从具有分组变量的数据框中随机抽取行的样本。

huangapple go评论97阅读模式
英文:

Take random sample of rows from dataframe with grouping variables

问题

以下是代码部分的翻译:

  1. 我有一个数据框,结构如下:
  2. dat <- tibble(
  3. item_type = rep(1:36, each = 6),
  4. condition1 = rep(c("a", "b", "c"), times = 72),
  5. condition2 = rep(c("y", "z"), each = 3, times = 36),
  6. ) %>%
  7. unite(unique, item_type, condition1, condition2, sep = "-", remove = TRUE)

看起来像这样:

  1. # 一个 tibble: 216 × 4
  2. unique item_type condition1 condition2
  3. <chr> <int> <chr> <chr>
  4. 1 1-a-y 1 a y
  5. 2 1-b-y 1 b y
  6. 3 1-c-y 1 c y
  7. 4 1-a-z 1 a z
  8. 5 1-b-z 1 b z
  9. 6 1-c-z 1 c z
  10. 7 2-a-y 2 a y
  11. 8 2-b-y 2 b y
  12. 9 2-c-y 2 c y
  13. 10 2-a-z 2 a z

我想随机抽取36行数据。抽样应包括6个 condition1condition2 组合的重复,而不重复 item_type

使用 slice_sample() 似乎可以得到我想要的子集:

  1. set.seed(1)
  2. dat %>%
  3. slice_sample(n = 6, by = c("condition1", "condition2")) %>%
  4. count(condition1, condition2)
  1. condition1 condition2 n
  2. 1 a y 6
  3. 2 a z 6
  4. 3 b y 6
  5. 4 b z 6
  6. 5 c y 6
  7. 6 c z 6

但仔细检查后,我发现 item_type 被重复了。

  1. set.seed(1)
  2. dat %>%
  3. slice_sample(n = 6, by = c("condition1", "condition2")) %>%
  4. count(item_type) %>%
  5. arrange(desc(n))
  1. # 一个 tibble: 22 × 2
  2. item_type n
  3. <int> <int>
  4. 1 10 3
  5. 2 34 3
  6. 3 1 2
  7. 4 6 2
  8. 5 7 2
  9. 6 15 2
  10. 7 20 2
  11. 8 21 2
  12. 9 23 2
  13. 10 25 2
  14. # … 还有更多行

换句话说,我希望从 item_type 中只获得唯一的抽样。

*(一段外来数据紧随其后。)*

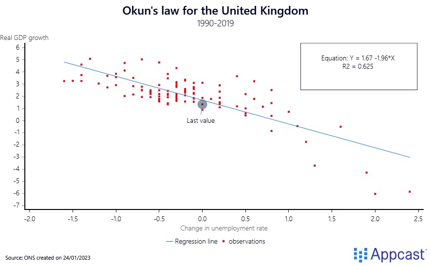 The chart below plots the relationship between economic growth and unemployment – what economists refer to as Okun’s law. What this scatterplot shows is that historically in the U.K. a one percentage point decline in GDP growth has been associated with about half a percentage point increase in the unemployment rate.

是否可能使用 slice_sample() 实现这一点?

编辑
添加第二个示例的数据:

  1. dat <- tibble(
  2. item_type = rep(1:36, each = 3),
  3. condition1 = rep(c("a", "b"), each = 54),
  4. condition2 = rep(c("x", "y", "z"), times = 36),
  5. ) %>%
  6. unite(unique, item_type, condition1, condition2, sep = "-", remove = TRUE)

看起来像这样:

  1. # 一个 tibble: 108 × 4
  2. unique item_type condition1 condition2
  3. <chr> <int> <chr> <chr>
  4. 1 1-a-x 1 a x
  5. 2 1-a-y 1 a y
  6. 3 1-a-z 1 a z
  7. 4 2-a-x 2 a x
  8. 5 2-a-y 2 a y
  9. 6 2-a-z 2 a z
  10. 7 3-a-x 3 a x
  11. 8 3-a-y 3 a y
  12. 9 3-a-z 3 a z
  13. 10 4-a-x 4 a x

尝试进行抽样:

  1. inner_join(
  2. dat,
  3. distinct(dat, condition1, condition2) %>%
  4. uncount(n()) %>%
  5. mutate(item_type = sample(n()))
  6. )

这将生成一个长度为20的数据框,具有以下特点:

  1. condition1 condition2 n
  2. 1 a x 4
  3. 2 a y 4
  4. 3 a z 4
  5. 4 b x 3
  6. 5 b y 4
  7. 6 b z 5
英文:

I have a dataframe with the following structure:

  1. dat &lt;- tibble(
  2. item_type = rep(1:36, each = 6),
  3. condition1 = rep(c(&quot;a&quot;, &quot;b&quot;, &quot;c&quot;), times = 72),
  4. condition2 = rep(c(&quot;y&quot;, &quot;z&quot;), each = 3, times = 36),
  5. ) %&gt;%
  6. unite(unique, item_type, condition1, condition2, sep = &quot;-&quot;, remove = F)

which looks like this:

  1. # A tibble: 216 &#215; 4
  2. unique item_type condition1 condition2
  3. &lt;chr&gt; &lt;int&gt; &lt;chr&gt; &lt;chr&gt;
  4. 1 1-a-y 1 a y
  5. 2 1-b-y 1 b y
  6. 3 1-c-y 1 c y
  7. 4 1-a-z 1 a z
  8. 5 1-b-z 1 b z
  9. 6 1-c-z 1 c z
  10. 7 2-a-y 2 a y
  11. 8 2-b-y 2 b y
  12. 9 2-c-y 2 c y
  13. 10 2-a-z 2 a z

I would like to take a random sample of 36 rows. The sample should include 6 repetitions of the condition1 by condition2 combinations without repeating item_type.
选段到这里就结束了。